Udoh also said that the federal government had installed some sophisticated air navigation equipment at the airport to boost surveillance around the country’s borders with Cameroon where he noted increased infiltration of suspected terrorists have been recorded.

“We initially had some communication problem in the airspace around Maiduguri due to the attack on TRACON by the Boko Haram sect, but that’s history now, because the TRACON has been fixed.

“The Maiduguri airport has now been re-opened. The governor of the state has donated a power generating set to facilitate the re-opening of the airport, and now, the TRACON is fully operational,” Udoh said.

A new air navigation technology called wide area augmentation and automatic data surveillance broadcast, according to him, has been installed around the airport to boost security.

The NAMA Managing Director said the same technology was being deployed in the Niger Delta area, for helicopters involved in oil and gas operations.
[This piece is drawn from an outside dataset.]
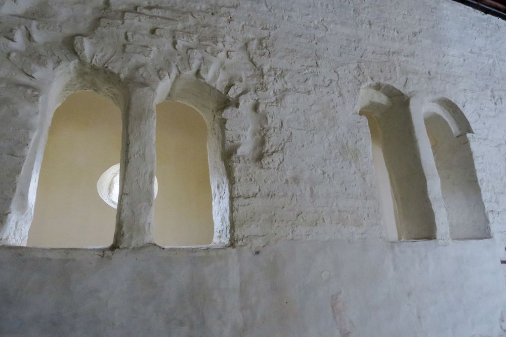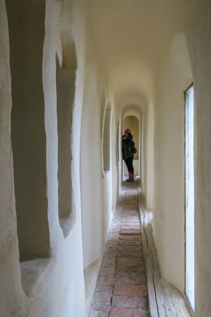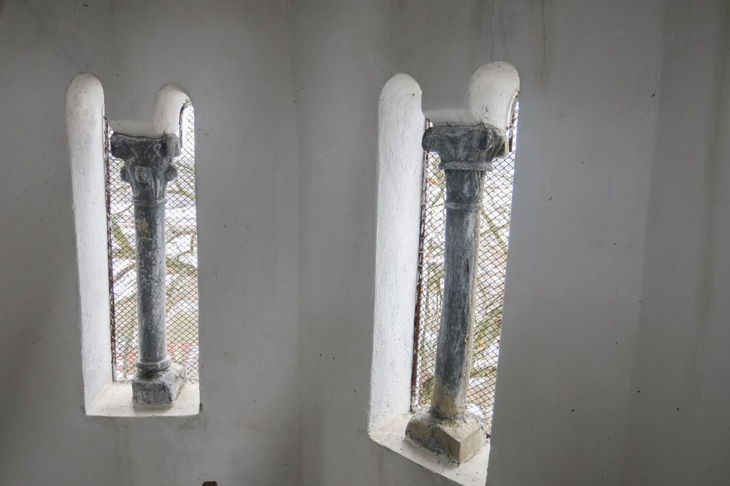 Ferestrele boltite ale coridorului permit luminii să pătrundă în corpul bisericii pe toată durata zilei.
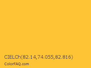 CIELCh 82.14,74.055,82.816 Color is a light orange color and the nearest color is Sunglow #ffcc33. Hex code #ffc336 and RGB value is rgb(255,195,54). In RGB color space, this color is composed of 100% red, 76% green, 21% blue, In CMYK color space, this color is composed of 0% cyan, 24% magenta, 79% yellow , 0% black , In HSL color space, this color has a hue angle of 42° , 100% saturation and 61% lightness.

“We have finished the survey for the Niger Delta area for this year, and we have gotten the report so we want to deploy ADSB and multi-alteration which come under wide area of augmentation system.

“Now we are going to need this around Maiduguri and Yola airports because of the security issue. We are collaborating with the military on how to see this through,” Udoh said.

While speaking on communication in the airspace, Udoh said the VHF radio coverage of Nigeria had effectively covered the whole airspace.

“VHF radio is available; of course if there is a power failure, someone will fix it, if there is frequency deficiency, someone is there to fix it.

“For instance, how would anybody expect that a new airplane that belongs to Airbus crashed on its first flight? Technology is not perfect but whenever problem arises we fix it,” he said.